The cell below will now load the `transformers` `'text-classification'` pipeline with [`'tabularisai/multilingual-sentiment-analysis'`](https://huggingface.co/tabularisai/multilingual-sentiment-analysis) to predict the sentiment of sentences for the same sentences as before.

Run the cell below.

In [None]:
# Define the sentences
sentences = [
    "I feel great this morning",
    "I am feeling very good today",
    "I am feeling terrible"
]

# Load sentiment analysis pipeline
pipe = pipeline('text-classification', model='tabularisai/multilingual-sentiment-analysis')

# Predict sentiment of the sentences
sentiments = pipe(sentences)

# Print the predicted sentiments as a pandas dataframe
pd.DataFrame(sentiments, index=sentences)

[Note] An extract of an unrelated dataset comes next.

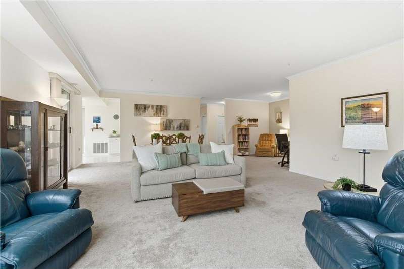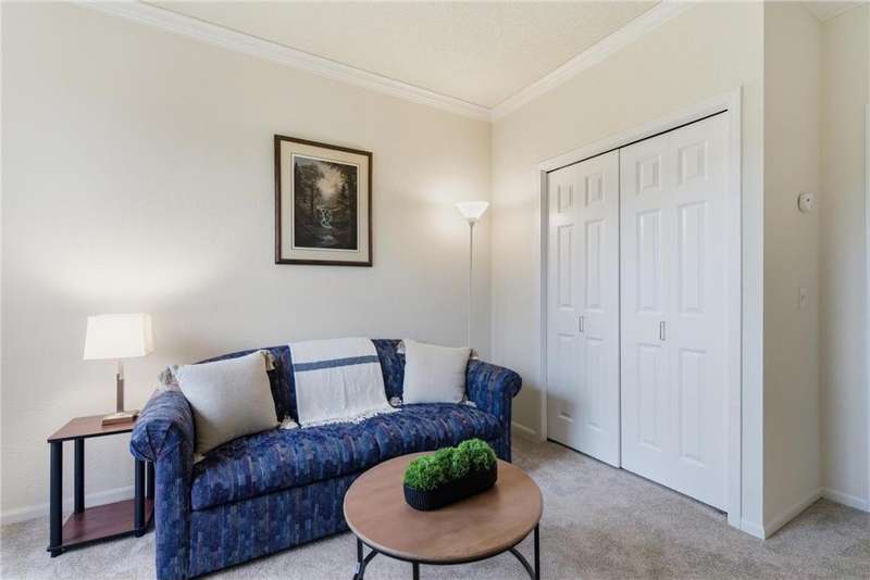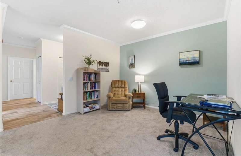 Your 62+ one level living chapter awaits! Rare 2-bedroom, 2-bath - one of only three in the building with this larger, light-filled floorplan w/ both west & SW facing windows. Move-in ready w/ newer carpet in living/bedrooms, luxury vinyl plank in entry/hallway & crown molding throughout. Modern white kitchen w/ newer SS appliances & solid surface counters w/ nearly floor to ceiling windows in the bright kitchen nook. Primary suite with updated walk-in shower & double linen storage closets + an oversized walk-in closet that anyone would love! Bonus same floor storage across the hall +2 underground garage stalls. An exceptional building w/ an abundance of shared amenities including a fitness studio, library, party room, hobby shop & resort style clubhouse w/ pool, hot tub, sauna & more! An affordable HOA fee that includes cable, all exterior repairs & grounds mntc + trash, water AND interior repairs of furnace / AC, & more. Come explore & see why there’s lots to love!

As you can see, not only does the model predict the sentiment of the sentences (`'label'`), but it also provides a confidence score for each prediction (`'score'`).

**TASK 5:** Try checking out the languages supported by the model on the [model card](https://huggingface.co/tabularisai/multilingual-sentiment-analysis) (under 'Model Details'). Use a translation software of your choice to translate the above sentences into another supported langauge. Do the sentiment labels remain roughly the same?